*** Records for the task ***

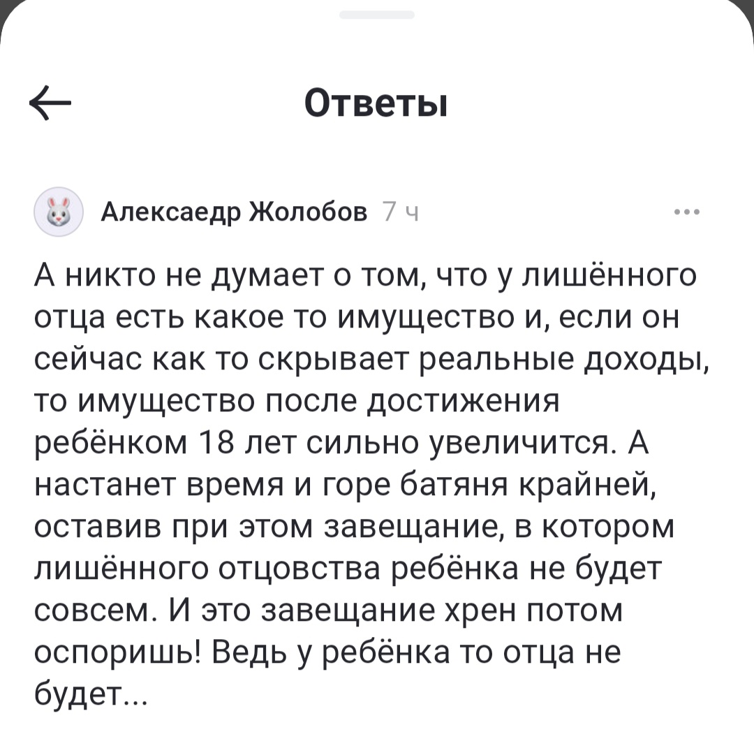 Этим наследством, как морковкой перед осликом, любят водить перед носом в качестве аргумента в семейных спорах. Чаще всего, чтобы удержать от "необдуманных действий" или заставить что-то сделать к выгоде "наследодателя". За примерами далеко ходить не надо. Слишком сильны у нас в народе легенды и мифы о наследственном праве, слишком сильна жажда халявы, на которую и пытаются ловить бывших членов семьи. "Лишая прав его отца, ты лишаешь ребёнка потенциального наследства этого самого отца". Как тебе такое? Смешались в кучу кони, люди... очереди наследования по завещанию и по закону. Обо всём этом стоит подумать матери, если она не хочет, чтобы ребёнок остался без наследства. Что мешает отцу просто не включить в завещание сына, даже "действующего" - да ничего не мешает. Если сын взрослый и дееспособный и не указан в завещании, он может в своей первой очереди наследования маршировать в сторону леса. Что мешает отцу вместо накопления наследства радостно его профукать и раздарить перед ух
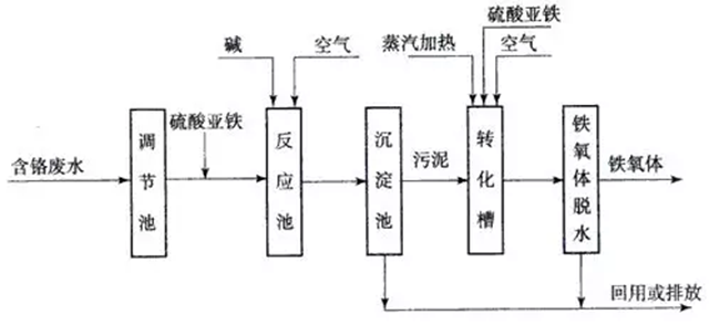 氣浮法:氣浮法用于處理鍍鉻廢水的原理是:在酸性的條件下硫酸亞鐵和六價鉻進行氧化還原反應,然后在堿性條件下產生絮凝體,在無數(shù)微細氣泡作用下使絮凝體浮出水面,使水質變清。
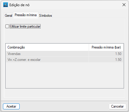 Permite introduzir limites particulares de pressão mínima para o nó que está a ser editado, para cada uma das combinações de hipóteses apresentadas na tabela.- Utilizar limite particular (opcional)
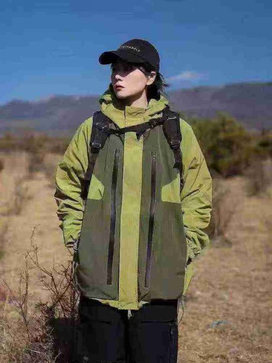 山系机能男女同款拼接撞色户外双层连帽·带里衬防风冲锋衣·晕染双拉链M-2X...
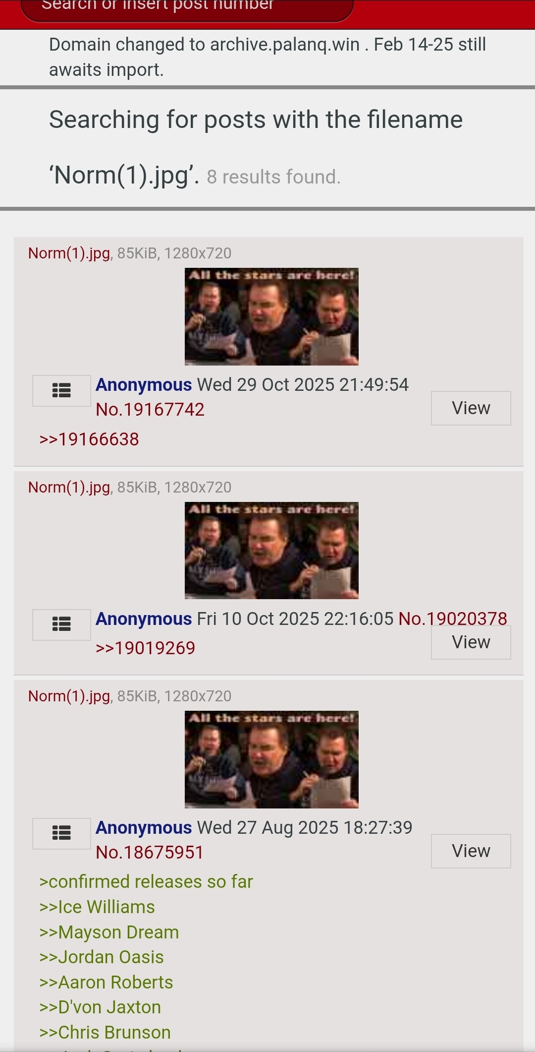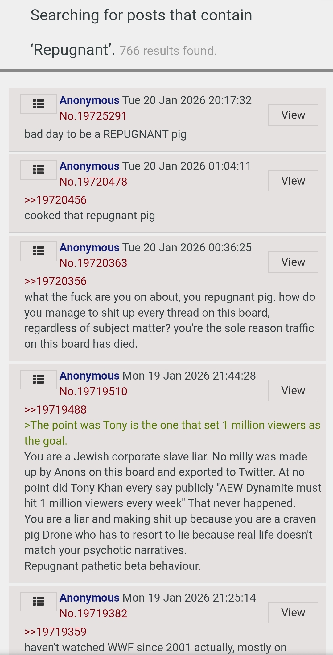 >>19727250>>19727251>>19727253It's so strange that for 15 minutes the spam stops and then at the same time it all picks up. No way it's just one singular AEW pedo right?
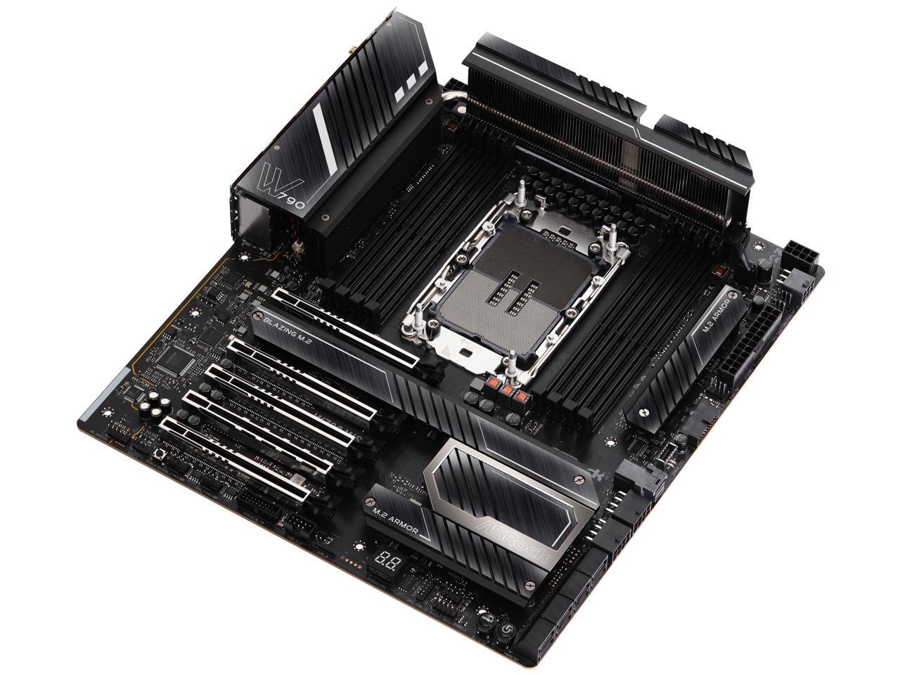 ASRock W790 WS Intel® W790 (LGA 4677) CEB workstation Extended ATX Motherboard 4 PCIe 5.0 x16, Dual Marvell AQUANTIA® 10 GbE and Intel® i225LM 2.5 GbE LAN, 2 USB4 Thunderbolt™ 4 Type-C
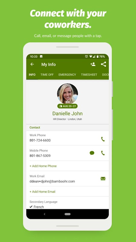 BambooHR - это онлайн-программное обеспечение номер один для управления персоналом для малого и среднего бизнеса, которое переросло электронные таблицы. Мы автоматизируем многие из самых утомительных HR-функций и даем вам возможность выполнять значимую работу. Приложение BambooHR позволяет брать с собой некоторые из этих наиболее важных функций и упрощает и ускоряет выполнение самых распространенных задач в BambooHR.

*** End of Records for the task ***

▶ [Problem description]:
A verbatim transcript of the entries above is required, with the pictures left out.

▶ [Solution to this problem]:
 Этим наследством, как морковкой перед осликом, любят водить перед носом в качестве аргумента в семейных спорах. Чаще всего, чтобы удержать от "необдуманных действий" или заставить что-то сделать к выгоде "наследодателя". За примерами далеко ходить не надо. Слишком сильны у нас в народе легенды и мифы о наследственном праве, слишком сильна жажда халявы, на которую и пытаются ловить бывших членов семьи. "Лишая прав его отца, ты лишаешь ребёнка потенциального наследства этого самого отца". Как тебе такое? Смешались в кучу кони, люди... очереди наследования по завещанию и по закону. Обо всём этом стоит подумать матери, если она не хочет, чтобы ребёнок остался без наследства. Что мешает отцу просто не включить в завещание сына, даже "действующего" - да ничего не мешает. Если сын взрослый и дееспособный и не указан в завещании, он может в своей первой очереди наследования маршировать в сторону леса. Что мешает отцу вместо накопления наследства радостно его профукать и раздарить перед ух
 氣浮法:氣浮法用于處理鍍鉻廢水的原理是:在酸性的條件下硫酸亞鐵和六價鉻進行氧化還原反應,然后在堿性條件下產生絮凝體,在無數(shù)微細氣泡作用下使絮凝體浮出水面,使水質變清。
 Permite introduzir limites particulares de pressão mínima para o nó que está a ser editado, para cada uma das combinações de hipóteses apresentadas na tabela.- Utilizar limite particular (opcional)
 山系机能男女同款拼接撞色户外双层连帽·带里衬防风冲锋衣·晕染双拉链M-2X...
 >>19727250>>19727251>>19727253It's so strange that for 15 minutes the spam stops and then at the same time it all picks up. No way it's just one singular AEW pedo right?
 ASRock W790 WS Intel® W790 (LGA 4677) CEB workstation Extended ATX Motherboard 4 PCIe 5.0 x16, Dual Marvell AQUANTIA® 10 GbE and Intel® i225LM 2.5 GbE LAN, 2 USB4 Thunderbolt™ 4 Type-C
 BambooHR - это онлайн-программное обеспечение номер один для управления персоналом для малого и среднего бизнеса, которое переросло электронные таблицы. Мы автоматизируем многие из самых утомительных HR-функций и даем вам возможность выполнять значимую работу. Приложение BambooHR позволяет брать с собой некоторые из этих наиболее важных функций и упрощает и ускоряет выполнение самых распространенных задач в BambooHR.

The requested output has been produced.